**Activity**
Find the lines below in which the string "biểu" occurs. Copy each one.

[Stored entries]
————
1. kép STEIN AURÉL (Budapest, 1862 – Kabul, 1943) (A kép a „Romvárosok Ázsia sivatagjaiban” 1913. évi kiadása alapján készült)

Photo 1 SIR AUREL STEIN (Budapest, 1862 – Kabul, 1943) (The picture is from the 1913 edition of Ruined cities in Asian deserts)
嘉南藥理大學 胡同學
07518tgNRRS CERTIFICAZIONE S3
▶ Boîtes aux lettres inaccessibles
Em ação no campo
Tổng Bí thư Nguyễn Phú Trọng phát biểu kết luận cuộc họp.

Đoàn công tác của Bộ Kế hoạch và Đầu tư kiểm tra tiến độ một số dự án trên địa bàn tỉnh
————
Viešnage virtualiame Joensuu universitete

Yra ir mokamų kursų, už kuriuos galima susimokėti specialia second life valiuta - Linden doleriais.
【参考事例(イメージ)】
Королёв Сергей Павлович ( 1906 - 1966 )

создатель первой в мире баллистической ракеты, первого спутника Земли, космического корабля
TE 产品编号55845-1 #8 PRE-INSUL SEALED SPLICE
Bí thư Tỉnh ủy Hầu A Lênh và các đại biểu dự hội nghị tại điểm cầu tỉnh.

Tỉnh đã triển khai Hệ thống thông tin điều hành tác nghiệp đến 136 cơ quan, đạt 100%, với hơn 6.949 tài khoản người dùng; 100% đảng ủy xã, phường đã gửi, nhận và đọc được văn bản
————
**Response to this exercise**
Tổng Bí thư Nguyễn Phú Trọng phát biểu kết luận cuộc họp.
Bí thư Tỉnh ủy Hầu A Lênh và các đại biểu dự hội nghị tại điểm cầu tỉnh.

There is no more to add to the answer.